For a player many expected to become the undisputed go-to receiver for the Wildcats upon Dalton Schoen’s graduation, Knowles’ lack of progress this season has been staggering. We’ve heard from K-State’s coaching staff that part of this is physical; Knowles has been banged up with nagging, undisclosed injuries for most of the season. Still, it’s clear it’s partly mental, too. Knowles has dropped a number of passes this season, and that’s never good for a receiver’s confidence.
The touchdown catch might be the catalyst for Knowles to finish with a flourish in K-State’s final four regular-season games and the bowl to come. It didn’t come immediately, though: The touchdown was his only reception during Saturday’s loss.

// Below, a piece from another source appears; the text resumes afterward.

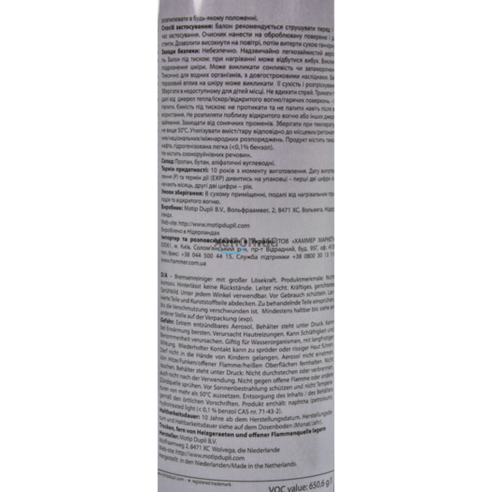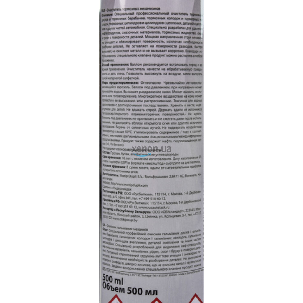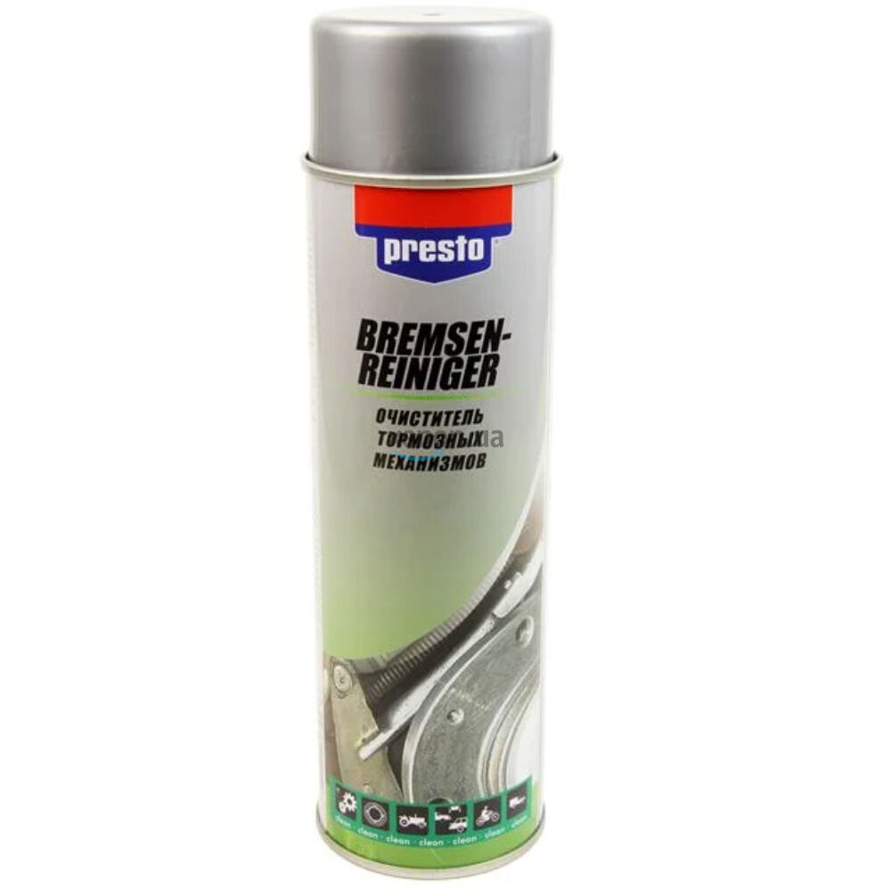 Очиститель тормозной системы Presto Bremsen Reiniger 217609 500 мл - для очистки тормозных дисков, барабанов, колодок, накладок, цилиндров, деталей сцепления и других частей автомобиля. Удаляет нефтепродукты, смазку, тормозную жидкость, смолы, грязь с деталей. Мощная струя мгновенно очищает и обезжиривает поверхность. Не оставляет разводов, быстро высыхает, не вызывает коррозию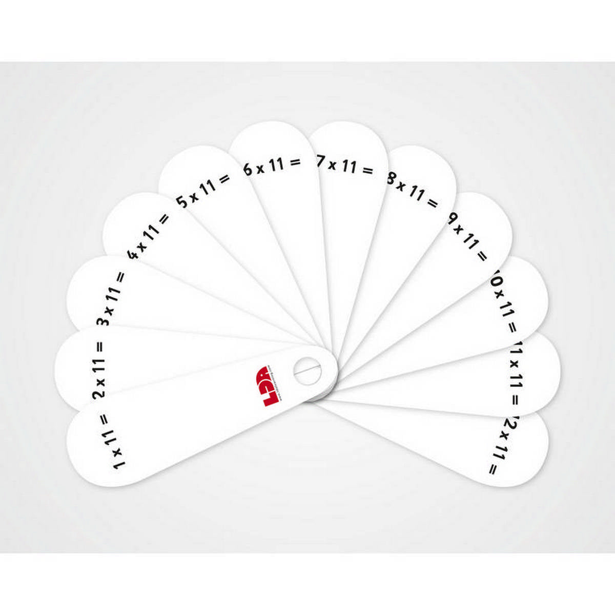 Make learning times tables fun. These high quality fans manufactured from durable plastic feature a times table sum on one side and the answer on the reverse. An excellent tactile resource to help children learn times tables. The fan design makes it the perfect resource to encourage and support instant recall of times table facts. 12 petals per fan. Riveted at the base for easy handling. Pack of 5. Size 115mm x 40mm

Knowles’ lack of production is baffling.
He ranks sixth — sixth! — on the team in both receptions (four) and receiving yards (77) this year. He’s capable of so much more — he proved that last season, when he received votes as the Big 12 Offensive Freshman of the Year after catching 27 passes for 397 yards and three touchdowns. He put up those numbers despite, yet again, battling various injuries for the majority of the season.
Vaughn is terrific. Tight end Briley Moore has shown to be dependable, too. But for K-State to avoid a deflating end to the regular season — with games left against Oklahoma State, Iowa State, Baylor and Texas, a 1-3 record in that span is a distinct possibility — it needs the receiving corps to step up.
Knowles is the best of the bunch.
He just needs to prove it with a stellar finish to his sophomore campaign.